Today agroecology is still a niche phenomenon, at least in industrialised countries. Even if a transition towards sustainable agriculture is urgently needed, path dependencies and missing or slow policy measures hinder its implementation. However, even if these social challenges can be overcome, the conversion of agriculture from a high input monoculture management system to a diversified system with low external inputs [72] requires a comprehensive framework [73]. Gliessmann describes the necessity to use ecosystem processes and functions as guidelines for the redesign of agricultural systems since a mere substitution of external inputs with biological means and increasing efficiency are not sufficient to attain sustainability [71]. Reijntjes et al. have suggested the use of the following set of ecological principles [74]:
  • Enhance recycling of biomass and optimizing nutrient availability and balancing nutrient flow;
  • securing favorable soil conditions for plant growth, particularly by managing organic matter and enhancing soil biotic activity;
  • minimizing losses due to flows of solar radiation, air, and water by way of microclimate management, water harvesting, and soil management through increased soil cover;
  • species and genetic diversification of the agroecosystem in time and space; and
  • enhance beneficial biological interactions and synergisms among agrobiodiversity components, thus resulting in the promotion of key ecological processes and services.
For Altieri and Nicholls, these principles result in certain agroecological techniques, such as polycultures, crop rotation, agroforestry, cover crops, and animal integration [75]. In addition, according to Vandermeer [76] and Pretty [77], sustainability needs to address farming systems beyond the mere form of cultivation by:
  • Optimizing the use of locally available resources by combining the different components of the farm system [...];
  • reducing the use of off-farm, external, and non-renewable inputs with the greatest potential to damage the environment or harm the health of farmers and consumers [...];
  • relying mainly on resources within the agroecosystem by replacing external inputs with nutrient cycling, better conservation, and an expanded use of local resources;
  • working to value and conserve biological diversity, both in the wild and in domesticated landscapes, and making optimal use of the biological and genetic potential of plant and animal species;
  • improving the match between cropping patterns and the productive potential and environmental constraints [...]; and
  • taking full advantage of local knowledge and practices, including innovative approaches not yet fully understood by scientists although widely adopted by farmers.
With regard to the conservation of biodiversity in productive landscapes, Fischer et al. proposed pattern- and process-oriented strategies for the design and management of agricultural landscapes [78]. For integrated crop-livestock systems, Bonaudo et al. proposed design principles to improve the resilience, self-sufficiency, productivity, and efficiency of the production system [79].
It is important to bear in mind that all these sets of principles are not meant to provide a technical solution that is bound to work in any given place at any time, but are ideas on how to promote key functions of sustainable agroecosystems when applied to a particular region.
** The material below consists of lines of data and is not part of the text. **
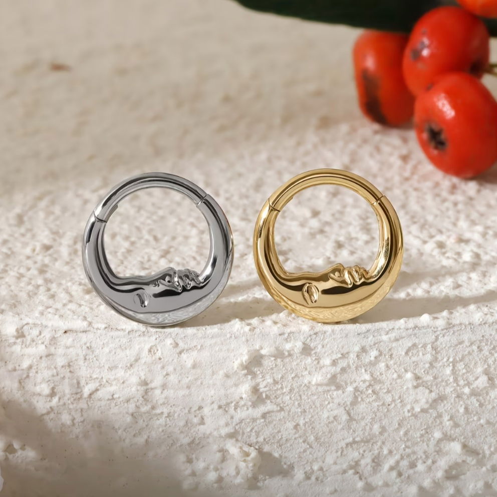 Argolla clicker Luna. Este tipo de piercing se puede usar en las perforaciones: 1er, 2do y 3er lóbulo, hélix, septum, daith (ver foto abajo)
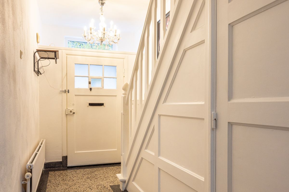 Bij aankomst parkeer je op de eigen oprit, met directe toegang tot de inpandige garage. Via de voordeur kom je binnen in de hal met een fraaie terrazzo vloer. Vanuit hier bereik je de woonkamer, de trap naar boven, de werkkamer en de kelder.
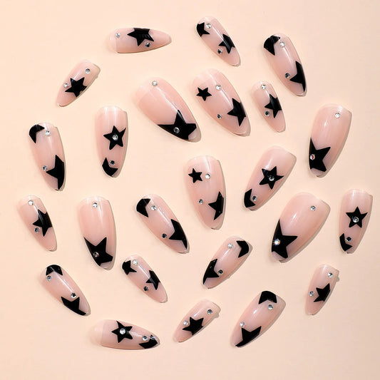 Ins y2k Fake Nails Almond Head Black Pentacle Star False Nail Patch Girl Women Wearable Full Cover Artificial Nail Patch 24pcs
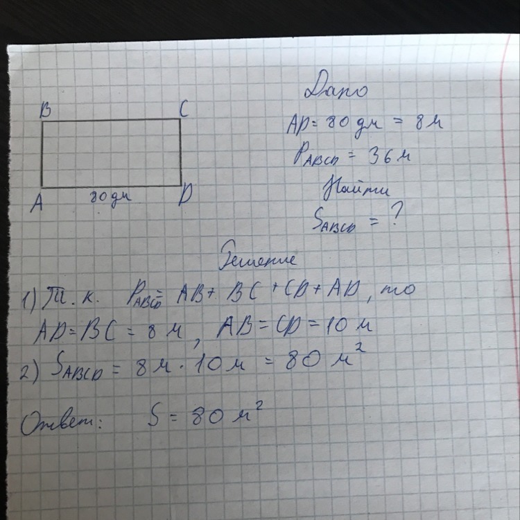 Как то так) Площадь прямоугольника равна 80 м^2
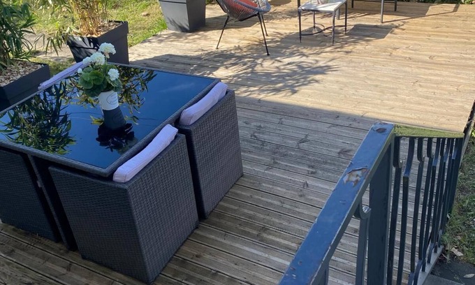 Relax on the deck or patio (enjoy the outdoor furniture!) of this apartment. For a change of scenery, come inside and enjoy the free WiFi and TV.
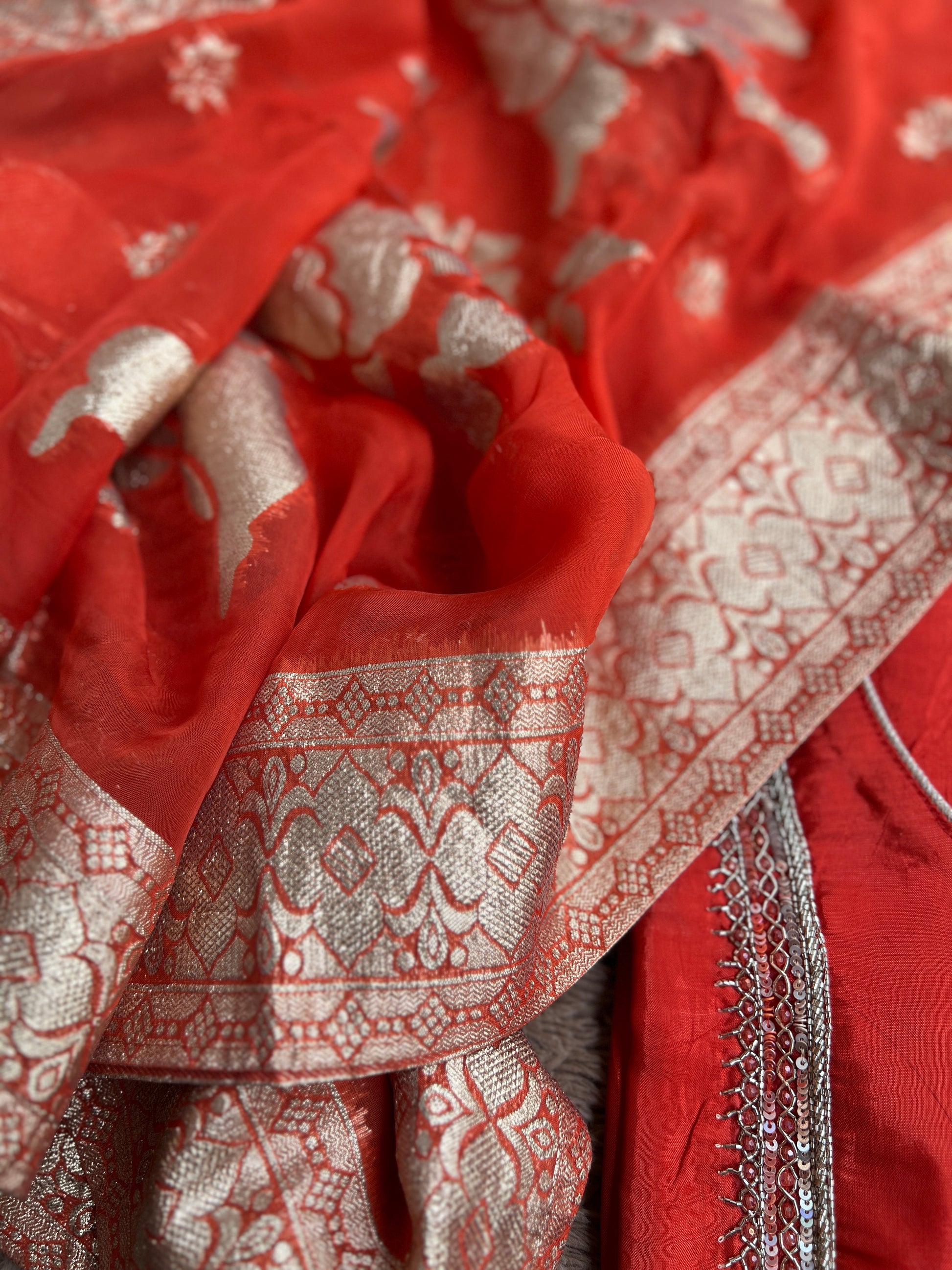 - Dupatta: Contrasting Dola Banarasi Silk with zari weave

The practical methods derived from the application of these principles differ and will be specific for the given situation. In addition to guidelines for the design of cropping systems, Malézieux presents a three-step framework for action to guide the incorporation of new farming practices [80]:
Step 1:
Observation of the naturally occurring ecosystem;
Step 2:
Development and testing of new techniques in experiments; and
Step 3:
Implementation of the new techniques by farmers.

3. Permaculture

The concept of permaculture arose from the combination of the words “permanent” and “agriculture”, and describes a design system as well as a best practices framework for the creation and management of sustainable and resilient agroecosystems. The co-founder, David Holmgren, defines permaculture as ‘consciously designed landscapes, which mimic the patterns and relationships found in nature, while yielding an abundance of food, fibre, and energy for provision of local needs’ [81]. Despite permaculture starting as a method of sustainable agriculture, it has evolved to become a holistic design process for complex (eco-)systems and is today also utilized to design social systems.
Permaculture claims to be a concept for the design of sustainable socio-ecological land use systems, recognizing that land use systems are never separated from social systems. For this reason, three basic ethical norms have been formulated, which have to be considered in the design and management of permaculture systems: (1) Care for the earth; (2) care for the people; and (3) set limits to consumption and reproduction, and redistribute surplus (see [81] for further reading).
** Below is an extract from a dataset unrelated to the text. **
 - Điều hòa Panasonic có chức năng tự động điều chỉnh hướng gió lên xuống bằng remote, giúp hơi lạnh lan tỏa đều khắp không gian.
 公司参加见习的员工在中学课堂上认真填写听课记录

The most important aspects of permaculture for the planning of agroecosystems are (i) site characteristics; (ii) the interaction between individual elements on several levels, from mixed cultures at the field level to the diversity of land use at the level of the agro-ecosystem; and (iii) the spatial arrangement of the elements as decisive drivers for multiple functions [51,81,82,83]. This strengthens the natural processes and functions of the landscape [82]. The diversity of land use is described in permaculture as a close integration of terrestrial and aquatic systems, animal husbandry, and field crops in the form of annual and perennial plants [82,84]. Almost none of the methods used in permaculture have been invented by this movement itself. Rather, permaculture can be regarded as a conceptual framework for the evaluation and adoption of existing methods. Therefore, two main criteria are used [51]. Firstly, the imitation of natural ecosystems, which serve as a model for systems with an analogous structure and function, but are endowed with species that generate a yield for mankind [85,86]. Secondly, the optimization of the system in a sense that starting points are sought where the performance of the desired products can be achieved with minimal effort, and functions can be improved beyond the extent of natural ecosystems. This results in a focus on mixed crops and perennial plant species in permaculture systems [81,82,87], which is also increasingly discussed in the scientific literature [88,89,90].
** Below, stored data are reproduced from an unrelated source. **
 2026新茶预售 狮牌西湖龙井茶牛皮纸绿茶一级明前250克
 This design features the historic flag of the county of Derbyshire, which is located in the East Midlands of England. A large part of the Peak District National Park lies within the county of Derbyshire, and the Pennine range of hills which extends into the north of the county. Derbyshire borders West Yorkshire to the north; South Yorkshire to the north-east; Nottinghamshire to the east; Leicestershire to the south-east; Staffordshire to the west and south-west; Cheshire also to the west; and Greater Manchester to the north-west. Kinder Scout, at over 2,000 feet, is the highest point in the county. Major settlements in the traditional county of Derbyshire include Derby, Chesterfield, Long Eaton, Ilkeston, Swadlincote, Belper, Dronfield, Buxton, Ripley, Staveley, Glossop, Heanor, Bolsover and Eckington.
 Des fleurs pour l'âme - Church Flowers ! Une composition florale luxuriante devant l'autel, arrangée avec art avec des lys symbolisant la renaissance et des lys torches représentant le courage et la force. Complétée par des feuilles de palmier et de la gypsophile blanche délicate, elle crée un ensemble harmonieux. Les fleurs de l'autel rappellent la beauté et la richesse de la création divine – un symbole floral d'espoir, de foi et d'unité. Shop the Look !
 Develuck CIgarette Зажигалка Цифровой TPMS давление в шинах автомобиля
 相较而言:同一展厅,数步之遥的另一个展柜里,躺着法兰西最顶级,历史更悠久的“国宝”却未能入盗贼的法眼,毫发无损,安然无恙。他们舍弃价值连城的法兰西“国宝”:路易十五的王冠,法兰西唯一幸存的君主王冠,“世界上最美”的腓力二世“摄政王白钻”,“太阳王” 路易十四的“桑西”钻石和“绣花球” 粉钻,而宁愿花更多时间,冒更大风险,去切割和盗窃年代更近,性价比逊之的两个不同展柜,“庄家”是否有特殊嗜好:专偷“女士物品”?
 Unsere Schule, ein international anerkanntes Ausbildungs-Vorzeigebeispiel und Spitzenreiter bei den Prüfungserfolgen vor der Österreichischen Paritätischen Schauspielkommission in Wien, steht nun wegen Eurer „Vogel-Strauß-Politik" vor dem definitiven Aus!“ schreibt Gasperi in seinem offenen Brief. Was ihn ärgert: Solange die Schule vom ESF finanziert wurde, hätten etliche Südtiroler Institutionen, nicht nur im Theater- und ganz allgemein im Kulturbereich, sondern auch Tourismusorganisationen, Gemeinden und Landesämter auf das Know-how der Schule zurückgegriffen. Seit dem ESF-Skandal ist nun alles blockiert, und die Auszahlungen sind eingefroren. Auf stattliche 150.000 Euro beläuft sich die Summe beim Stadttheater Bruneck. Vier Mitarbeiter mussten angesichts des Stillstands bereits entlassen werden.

A distinct element is the permaculture design process [82,91]. It covers the entire process of project development from the first observation to implementation. In an analysis phase, site-specific methods are selected. A permaculture design process is a non-linear process, and the applied observation, analysis, and design methods should prevent typical mistakes when dealing with complex systems [92]. According to Ferguson and Lovell, this design system mainly consists of the permaculture principles and spatial strategies [51].
Permaculture has become an international movement of great public interest [51]. However, there is only minimal coverage of permaculture in the scientific literature. Permaculture practitioners argue that scientists and institutions do not appreciate the radical proposals put forth by permaculture, while, on the other hand, the credibility of permaculture practitioners is lost due to the idiosyncratic use of scientific terms, or the spreading of scientifically unproven claims [50,51].

3.1. Permaculture Principles

Permaculture tries to create resilient living systems that are inspired by processes, structures, and patterns observed in nature. Design principles have emerged that are used as a framework for the design of complex agroecosystems. Some permaculture designers have developed their own sets of principles, depending on the focus of their work [93,94]. The most commonly used set of permaculture principles was developed by co-originator, David Holmgren [81]. These twelve principles are presented as the result of an ‘in-depth analysis of the natural environment and pre-industrial and sustainable societies, the application of ecosystem theory, and design thinking’. They claim to provide a framework for the design of sustainable land use and a society within ecological boundaries [81].
The principles are short statements that point the way when dealing with complex systems and give a variety of options for action. The first six principles use a bottom-up approach, while the final six principles can be seen from a top-down designer’s perspective. Also, because of this, some overlaps between the principles occur. Trying to produce no waste and applying self-regulation will lead to integration rather than segregation of elements, or observing and interacting empowers to be able to creatively respond to change [81]. In the design process, it is important not to focus on one or few principles, but to use the set as a whole and create a balance within the system.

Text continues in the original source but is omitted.